Terracoin continues to plummet following its collapse. Stablecoins, a term used to describe virtual coins whose prices are supposed to be pegged to a fiat currency or cryptocurrency, have continued to cause destruction because there is a bank run every time the peg faces downward pressure. A bank run is when numerous investors withdraw their funds from the exchange due to their concerns over its solvency, which would result in them losing money.
In crypto trading, there are not many regulations that offer standards for creating new stablecoins and ensuring that stablecoins will survive weakening economic conditions. Crypto exchanges are currently feeling increased competition and are coming out with new tokens to keep up in the industry. These new tokens are not regulated by a central body, like a federal government or central bank, which makes them more likely to cause problems. Investors can trade these tokens on exchanges through crypto trading apps. Through iterations of bank runs such as the Terracoin collapse on May 11th, it has been brought to creators’ and investors’ attention that more protocols are needed over stablecoins. The primary standard should be that stablecoins require backup by multiple assets to prevent bank runs including US treasuries, fiat currency, and bitcoin.
What Happened in Crypto Trading that Led to the Collapse of Terracoin
The Federal Reserve made a statement on May 9th about how stable coins had increased liquidity risks and were vulnerable to bank runs. On the same day, Terracoin lost roughly 30% of its value as investors feared low liquidity. As a result of Terracoin’s collapse, Luna, a popular cryptocurrency token that is Terra’s native, had a 40 billion dollar collapse last week. Other decentralized stablecoins fell that week as well. The lack of standards created to monitor stablecoins has led to widespread problems for the asset.
How Does a Stablecoin Work?
Stablecoins, which are a type of cryptocurrency, aim to peg to another fiat currency, commodity, or cryptocurrency in the market. Stablecoins maintain price stability by having collateral in other assets such as US treasuries, the US dollar, or other cryptocurrencies like bitcoin.
Conventional cryptocurrencies such as bitcoin tend to suffer greater price volatility than stablecoins. The huge fluctuations in price can cause huge intraday swings and can be detrimental to investors over the long term. Cryptocurrencies can entirely lose their purchasing power when their prices plunge and lose all of their value. Stablecoins can help to solve the volatility problem of cryptocurrencies by aiming to retain their purchasing power and value.
Types of Stablecoins
Investors should be aware of the several types of stablecoins that exist in the market. Fiat-collateralized stablecoins use a fiat currency as collateral to back up their value. Other stablecoins can use commodities or precious metals like silver and gold. There are also crypto-collateralized stablecoins that gain their value through the backing of other cryptocurrencies. Algorithmic stablecoins, like TerraUSD, do not maintain a reserve asset to store their value, and the value of a stablecoin is maintained through control of an algorithm.

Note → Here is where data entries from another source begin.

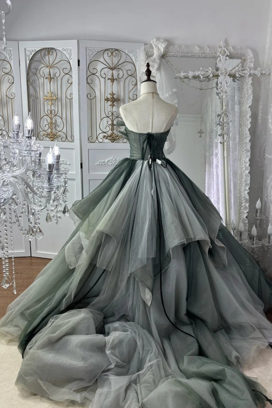 Forest Green Gradient Ball Gown Beaded Strapless & Oversized Tulle gh7064
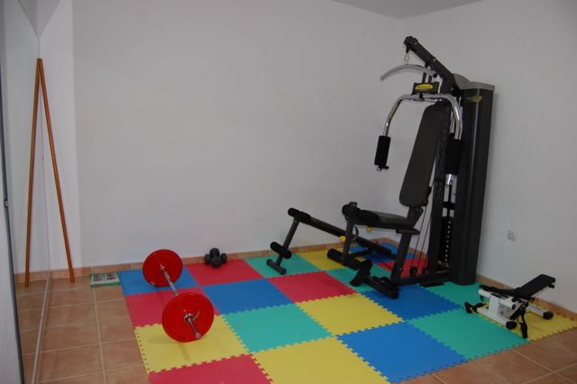 * Large indoor garage (accessible from inside the house) with a gymnasium and bicycles;
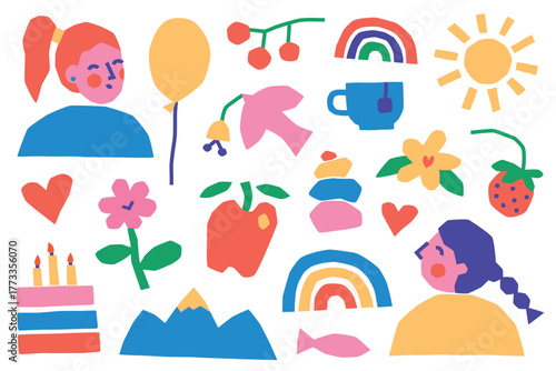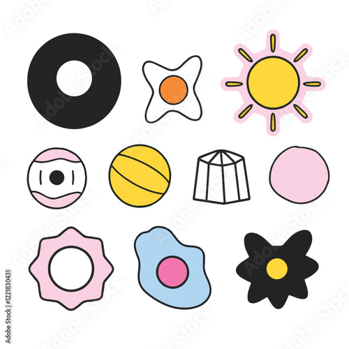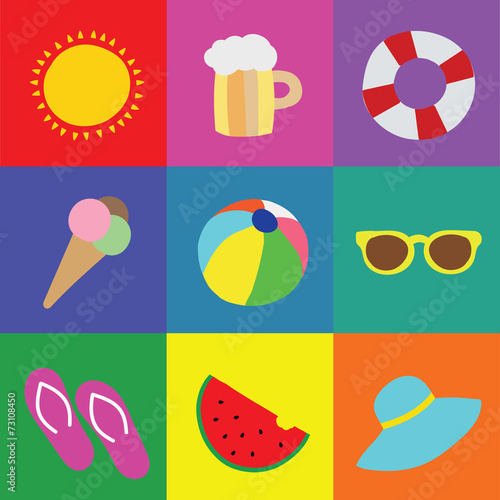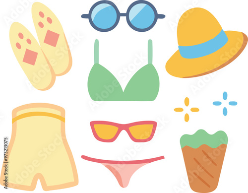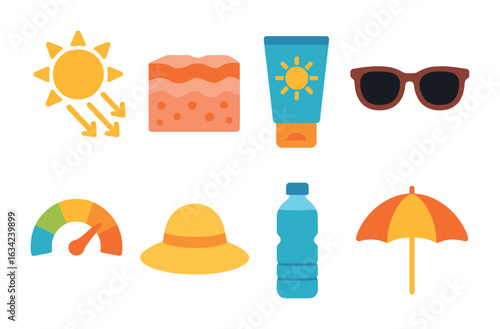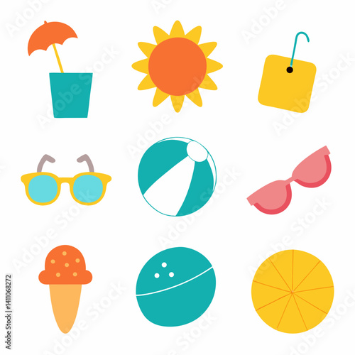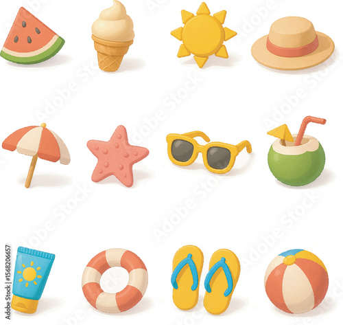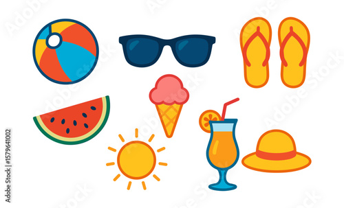 Summer icon isolated vector set. Sunscreen, sunglasses, inflatable ball, ice-cream, slippers, sun, luggage bag, watermelon slice, diving snorkeling mask holiday vacation item illustration

What Does the Future Look Like for Stablecoins?
Economists state that it will be challenging for algorithmic stablecoins, which are reliant on collateralized prices, to increase their value when market conditions are getting worse. Some people are highly skeptical of the future of stablecoins. Unlike centralized stablecoins that simply need time to recover from a collapse, algorithmic stablecoins require outside capital or the use of another algorithms to reestablish themselves. Although Terracoin already had significant collateral before its decline, including US treasuries, bitcoin, and LUNA, Terra needed an even more diverse array of collateral to prevent a collapse.

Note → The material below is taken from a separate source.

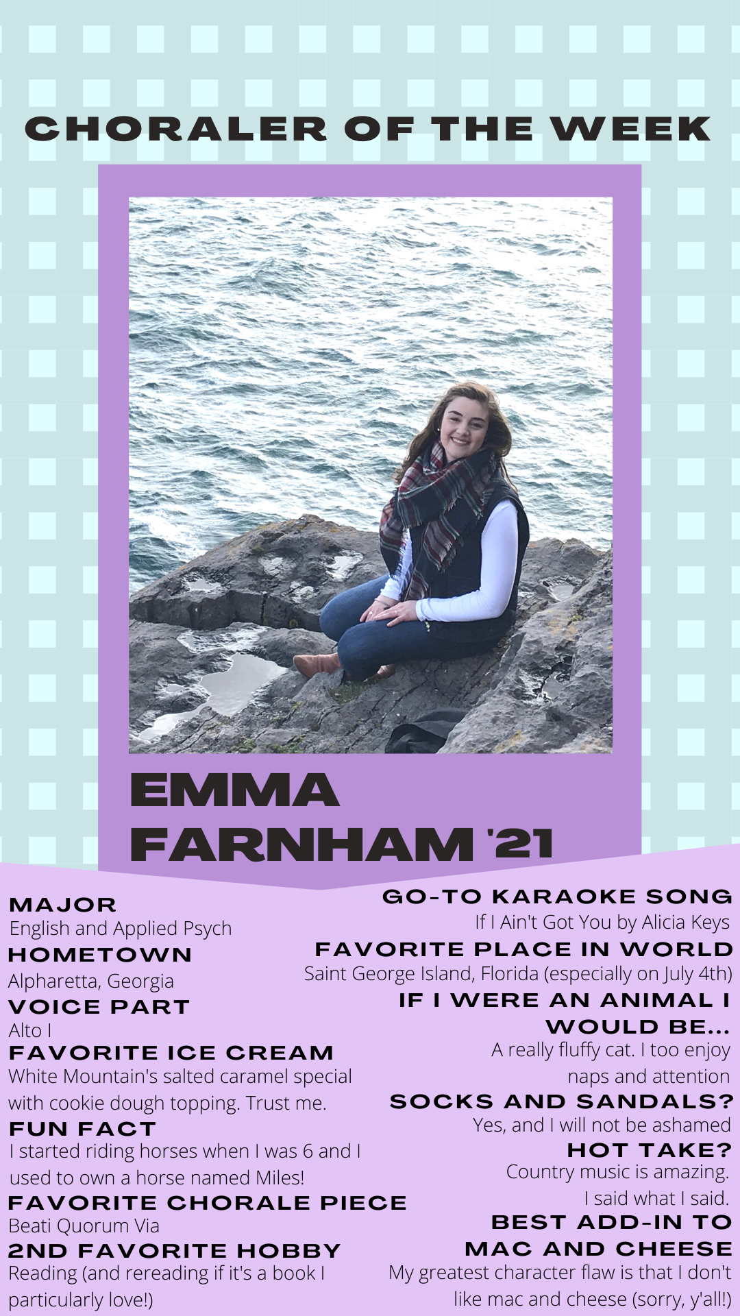 AnnouncementsMeet this week’s “Choraler of the Week,” Emma Farnham! 02/11/202102/11/2021 beckpat22 Meet our next COTW, Social Director Emma Farnham! Read all about her favorite place, her favorite piece, her blasphemous opinions on mac and cheese, and more in the poster below! Design by Talia Kaplanian ’22, Director of Publicity Like Loading... Published by beckpat22 View all posts by beckpat22

A primary crypto trading lesson gained from this situation is that it is highly important to back up a stablecoin with US treasury and fiat currency collateral. This protocol needed to be put in place, but it could only be figured out by learning about how stablecoins behave. Additionally, the International Organization of Securities Commissions (IOSCO) stated in October 2021 that stablecoins must be regulated as financial market infrastructure with payment systems and clearinghouses.

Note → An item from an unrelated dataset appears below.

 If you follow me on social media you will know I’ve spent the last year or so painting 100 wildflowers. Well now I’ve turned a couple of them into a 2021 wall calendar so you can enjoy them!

The Lack of Regulation for Crypto Exchanges
The decentralized nature of cryptocurrency is appealing to investors because cryptocurrencies are not regulated by the federal government or any central body, so there is no third party regulating transactions. The decentralized aspect of crypto also makes it easier and faster for investors to transfer funds without a bank or credit card company on a crypto trading app. Decentralization also prevents a single-point failure that could result in the collapse of the system.
However, the lack of regulation in the industry can cause more harm than good. The price volatility of the crypto market can cause investors to suffer enormous losses. Cryptocurrency is also more vulnerable to hackers who can break into an investor’s crypto wallet and conduct transactions once they get access to the key. The lack of regulation has made it so there are no standards that exchanges must abide by when they generate new tokens. There are also no protocols for how to adequately back up stablecoins to mitigate losses caused by bank runs.
The Bottom Line
The goal of stablecoins is to peg the value of a different asset, like the US dollar. However, algorithmic stable coins can run into trouble because they do not hold reserve assets like crypto or fiat-collateralized stablecoins. This situation can become a problem when a stablecoin loses its value and has no assets to back it up. The price of Terracoin declined over 60% on May 11th which made it so it no longer was pegging to the US dollar. This instance also led to the decline of its sister coin, LUNA, which fell over 80% throughout one night.
There is a need for greater regulation surrounding stablecoins to prevent the collapse of algorithmic stablecoins in the future. Protocols need to be established such as ensuring that algorithmic stablecoins have a diverse and substantial amount of collateral to mitigate future collapses. The future may hold for stablecoins to be regulated by a financial market infrastructure with clearinghouses and payment systems.